Ourcellsareminiaturelibrarieshousingfortysevenpreciouscrypticallypunctuatedrunonsente
ncesbeginnotechromosomesuptothreehundredmillionlettersofmainlyfourtypesacgtlongend
noteinterruptedfrequentlybeginnotebylongnotesoftenofgreatpracticalorhistoricalimportanc
eendnotalldedicatedtotheproliferationofselfassemblingnanomachines.
The text above dramatizes where scientists stand with the human genome. Now
our job and joy is to decode and use these results wisely. But how do we begin to
decipher the importance of billions of combinations of four letters (A,C,G,T)?
Right now, the barriers to progress are technical and societal. Knowledge of the
genome is important both to the computational interpretation of those functional genomic
data and to altering those functions. Technically, reading two bits (one base pair) of
genetic data costs about two bits ($0.25), while reading two bits of data with a digital
camera is a million times less expensive. Through advances in technology the cost and
speed of reading our genomes has dropped one thousand-fold in 15 years and will likely
keep going, so this is a hurdle we can overcome.
Societally, our worries are more complex and include concerns about privacy and
the price of progress. But how might our concerns about personal genomic codes change?

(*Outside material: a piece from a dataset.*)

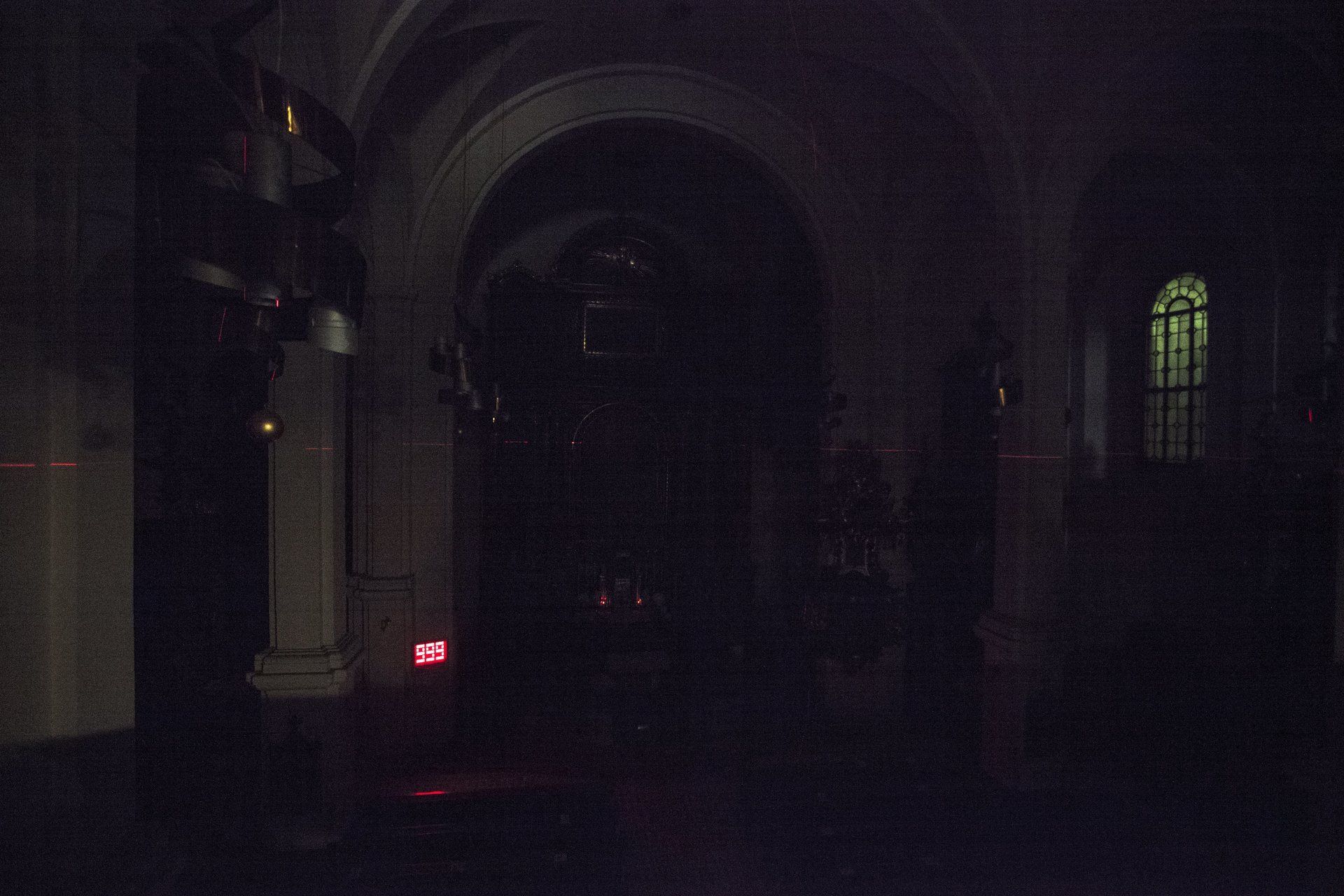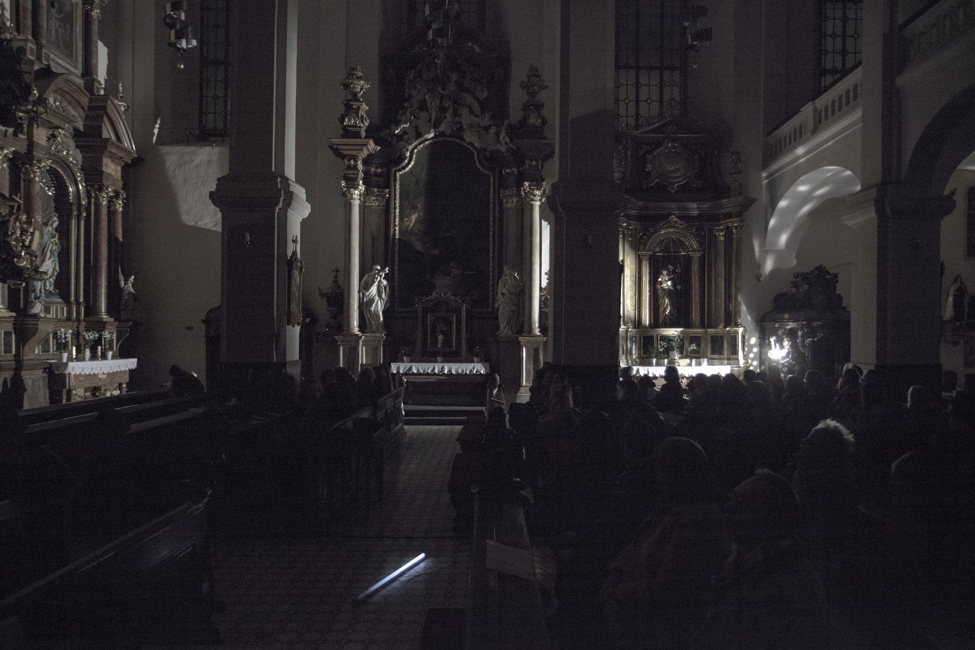 The unifying element is light and its absence. The church is turned into darkness and specific parts of it are being lit according to the flow of the performance.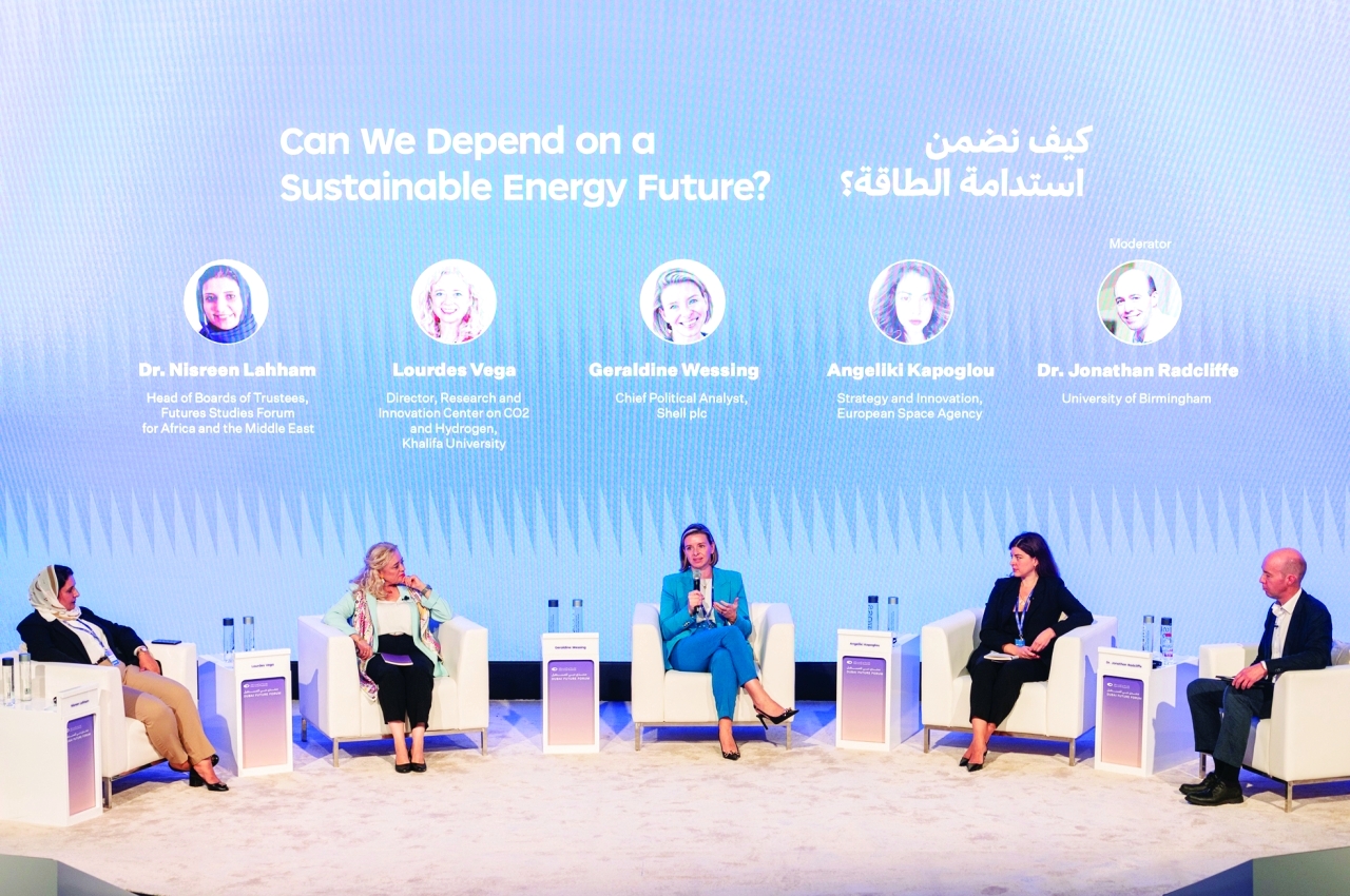 شارك في الجلسة كل من الدكتورة نسرين لحام رئيس مجالس الأمناء، بمنتدى الدراسات المستقبلية لأفريقيا والشرق الأوسط، ولورديس فيغا، مديرة مركز البحث والابتكار حول ثاني أكسيد الكربون والهيدروجين بجامعة خليفة، وجيرالدين ويسينغ كبيرة المحللين السياسيين في شركة «شل»، وأنجيليكي كابوغلو من قسم الاستراتيجيات والابتكار بوكالة الفضاء الأوروبية.

Perhaps through increasingly focusing laws on "authorized use" of information rather
than restricting access to it. Over time, individuals may even put their own medical
information in publicly accessible web sites so that anyone can access it in times of
emergency.
But this "transparency" leads to new questions about how this information will be
used. Will human genes be altered to the point of creating designer babies? While
changing human inheritance may become less controversial than it now seems, society
might choose to avoid changing embryos and instead modify existing genes in adult
bodies. Indeed, it is likely to be more effective to assess our full "genome function" well
after birth than to extrapolate from or even complete genomic DNA information before
birth. Engineering of adult cell genomes may one day become as routine as ways that we
currently alter our bodies with cosmetics, drugs, vehicles, and education. In a sense, these
adult changes are more readily "inherited" and spread than changes in embryos. That is,
once a specific gene has been altered to the desired effect, everyone who wants the
procedure can be treated in the same manner. However, genetic changes in embryos
would take many generations before a wide portion of the population benefited from the
alteration.
Scientists' advancing ability to assess individual mutations will change the way
we are treated for disease, especially in the current one-size-fits-all drug market.
Reprogramming of selected adult cells will likely replace the less precise practice of
dosing our whole body with drugs. Over time, the idea that a small number of common
mutations cause most common diseases (cancer, heart failure, psychiatric disorders) is
likely to be replaced by the notion that the most harmful of our one million personal base
pairs are recent (with the past 2000 generations) and rare (but common as a class).
Because the Human Genome Project will evolve to touch so many aspects of our
lives, it may usher in a renaissance of interest in quantitative and statistical biology. Our
enduring curiosity about ourselves may soon merge education, entertainment, and
medicine such that books like the one that you hold open in your hands will be as
ubiquitous as weather pages, gardening tips, and street maps.